*** SUPPLIED ENTRIES ***

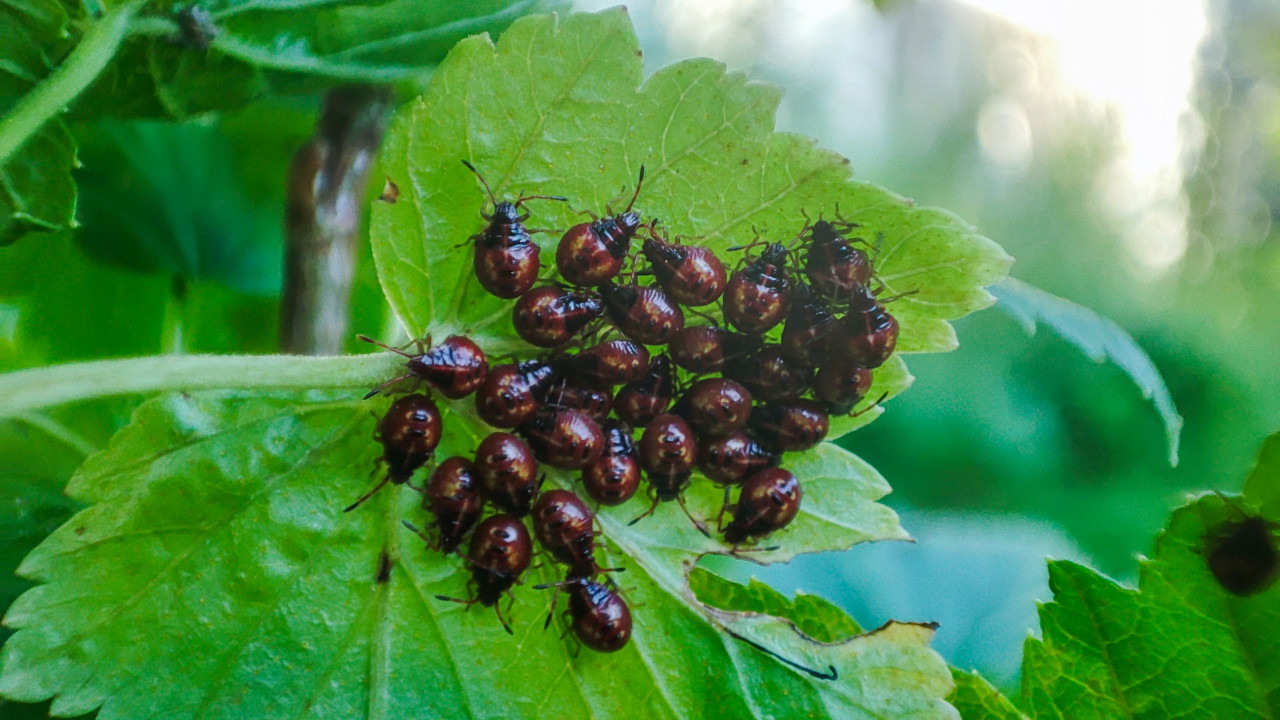Большая группа нимф клопов-щитников на листе кустарника на фоне зелёной растительности
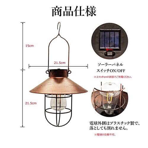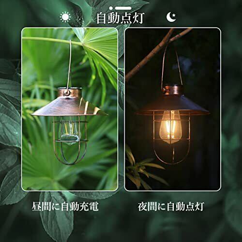 ソーラー ランタン 屋外 おしゃれ ソーラーライト アンティーク ガーデンライト レトロ 防水 LEDランタン 省エネ 自動点灯 間接照明 雰囲気作り 吊り下げ 玄関先 車道 歩道 庭 ガーデン 照明 暖色 1個 (ブロンズ)
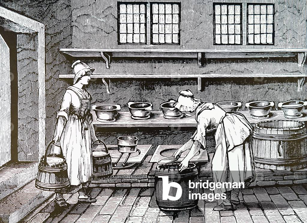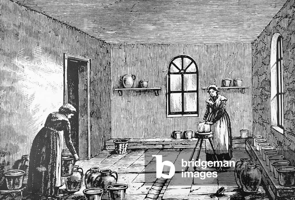 UIG3732547 Engraving depicting the making of Brie at the Maison-du-Val dairy in France. The process involves filling forms with curd, which are then placed on straw mats on racks where they are turned and salted during the course of two days. Dated 19th Century.
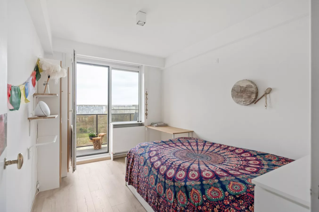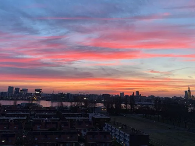 Het appartement geniet van een fantastisch panoramisch uitzicht op de skyline van Antwerpen! De living is gericht naar het Oosten, waar u kan genieten van een prachtige zonsopgang.
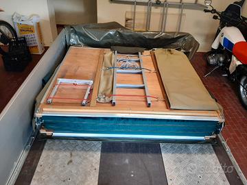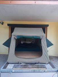 Lunghezza aperta cm 244, larghezza cm 140 - Altezza interna aperta cm 130 - Dimensioni chiusa 140 cm × 120 cm × 30 cm - Completa di materassino di 5 cm e scaletta allungabile - Tessuto impermeabile traspirante e fortemente antivento - Ideale per 2 persone più un bambino - Usata 1 volta
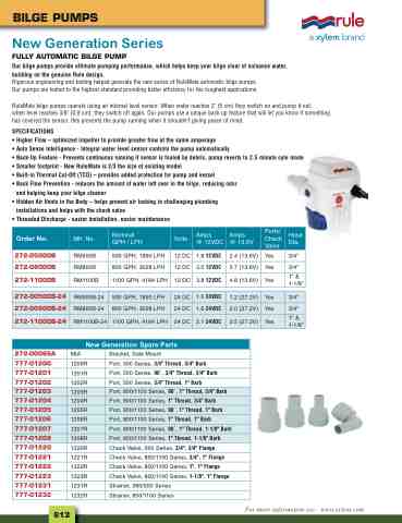 SPECIFICATIONS • Higher Flow – optimized impeller to provide greater flow at the same amperage • Auto Sense Intelligence - Integral water level sensor controls the pump automatically • Back-Up Feature - Prevents continuous running if sensor is fouled by debris, pump reverts to 2.5 minute cyle mode • Smaller footprint - New RuleMate is 2/3 the size of existing model • Built-in Thermal Cut-Off (TCO) – provides added protection for pump and vessel • Back Flow Prevention - reduces the amount of water left over in the bilge, reducing odor
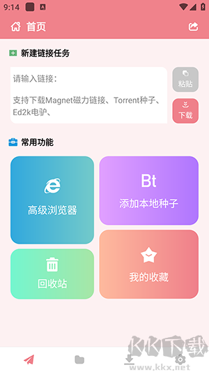 1、沒有廣告,不用注冊,即開即用,支持magnet、ftp鏈接、ed2k鏈接等的下載。
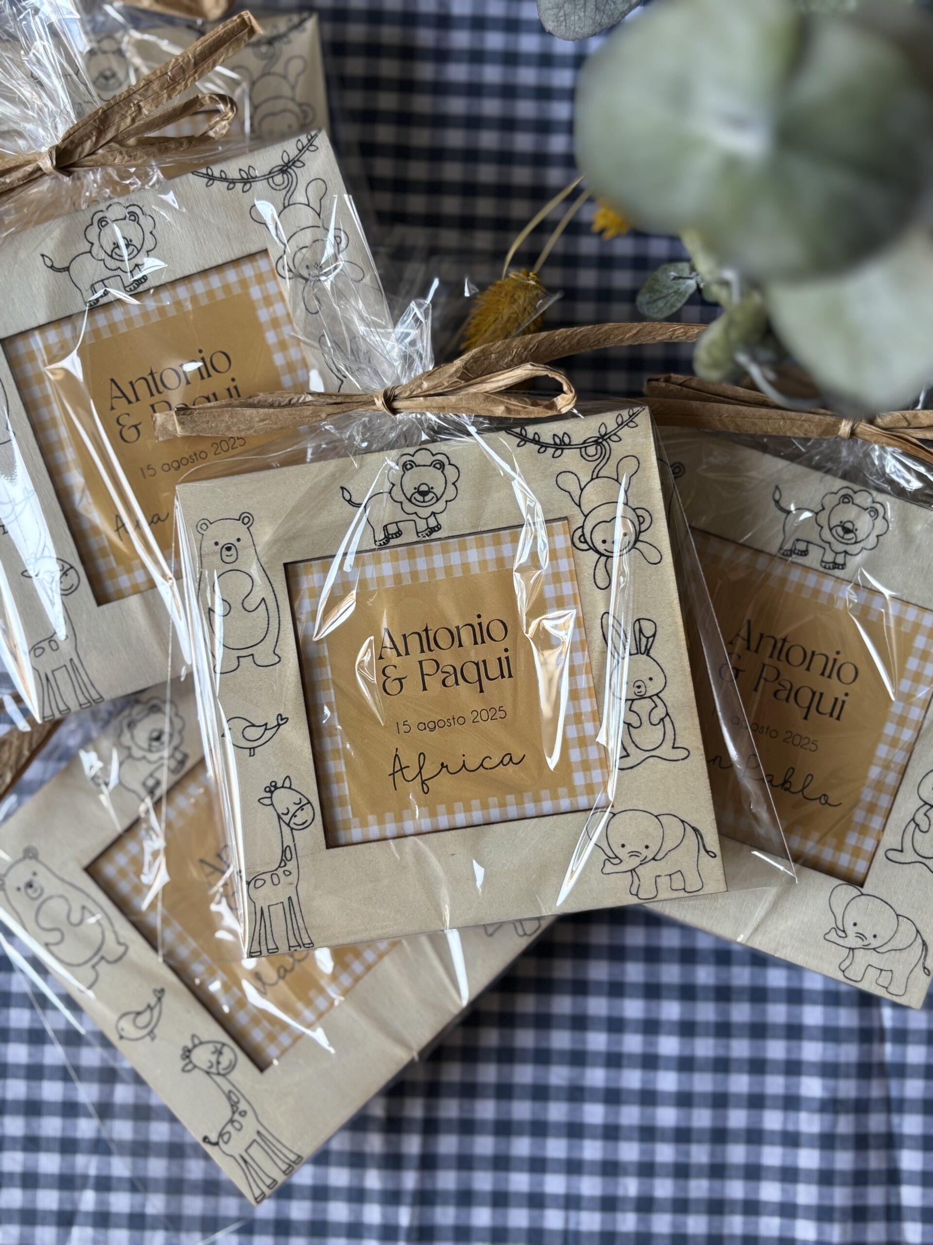 Celebra tu día especial regalando a tus invitados nuestro portafotos infantil para colorear, ideales para los invitados más pequeños al evento. Hecho de madera natural con diseño de animales y ceras de colores que permiten personalizar el diseño de cada portafotos. Diseñado para fotografías de 7,5 x 7,5 cm. Cuenta con soporte trasero de bisagra.
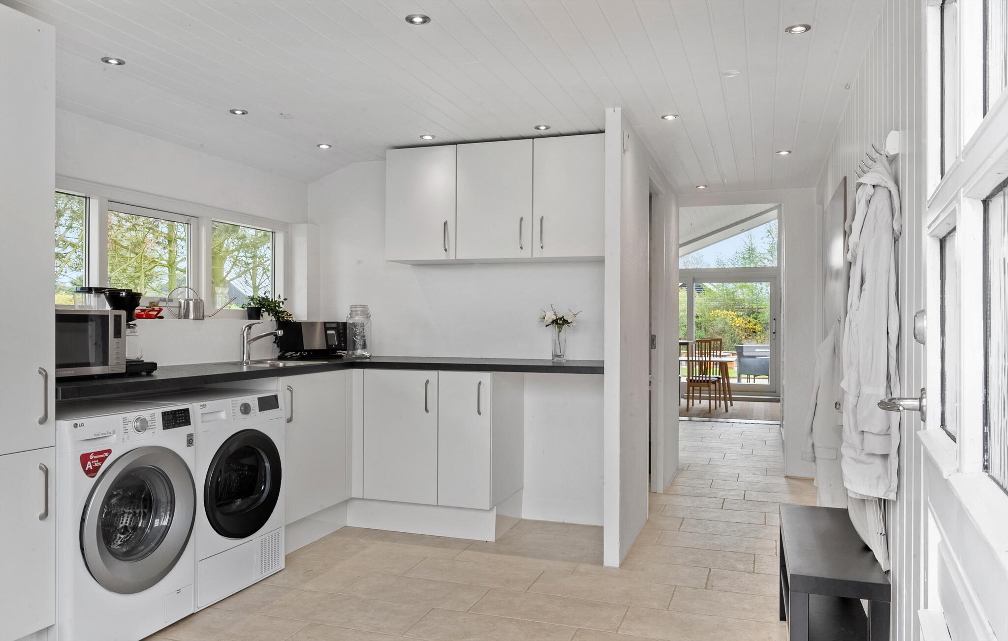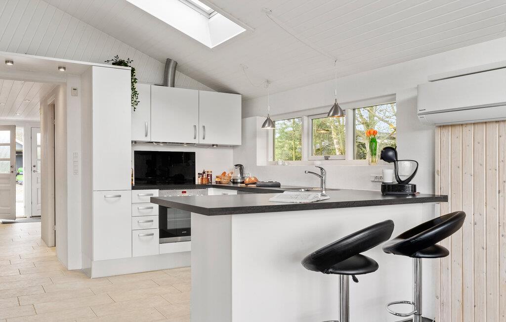 Jeres feriehus giver jer en vellykket kombination af moderne møbler og en hjemlig atmosfære, ideelt til afslappende ferier. Det åbne opholdsområde fremstår venligt og lysindfaldet takket være de store vinduespartier. Gør det behageligt i sofaen og nyd udsigten over haven. I det moderne, veludstyrede køkken kan I tilberede måltiderne sammen og planlægge jeres feriedag efter jeres ønsker.

*** End of SUPPLIED ENTRIES ***

TASK BRIEF >>
Reproduce exactly, and only, the lines from the one holding "SPECIFICATIONS • Higher" through the final line of the entries. Do not include the pictures.

SOLUTION >>
 SPECIFICATIONS • Higher Flow – optimized impeller to provide greater flow at the same amperage • Auto Sense Intelligence - Integral water level sensor controls the pump automatically • Back-Up Feature - Prevents continuous running if sensor is fouled by debris, pump reverts to 2.5 minute cyle mode • Smaller footprint - New RuleMate is 2/3 the size of existing model • Built-in Thermal Cut-Off (TCO) – provides added protection for pump and vessel • Back Flow Prevention - reduces the amount of water left over in the bilge, reducing odor
 1、沒有廣告,不用注冊,即開即用,支持magnet、ftp鏈接、ed2k鏈接等的下載。
 Celebra tu día especial regalando a tus invitados nuestro portafotos infantil para colorear, ideales para los invitados más pequeños al evento. Hecho de madera natural con diseño de animales y ceras de colores que permiten personalizar el diseño de cada portafotos. Diseñado para fotografías de 7,5 x 7,5 cm. Cuenta con soporte trasero de bisagra.
 Jeres feriehus giver jer en vellykket kombination af moderne møbler og en hjemlig atmosfære, ideelt til afslappende ferier. Det åbne opholdsområde fremstår venligt og lysindfaldet takket være de store vinduespartier. Gør det behageligt i sofaen og nyd udsigten over haven. I det moderne, veludstyrede køkken kan I tilberede måltiderne sammen og planlægge jeres feriedag efter jeres ønsker.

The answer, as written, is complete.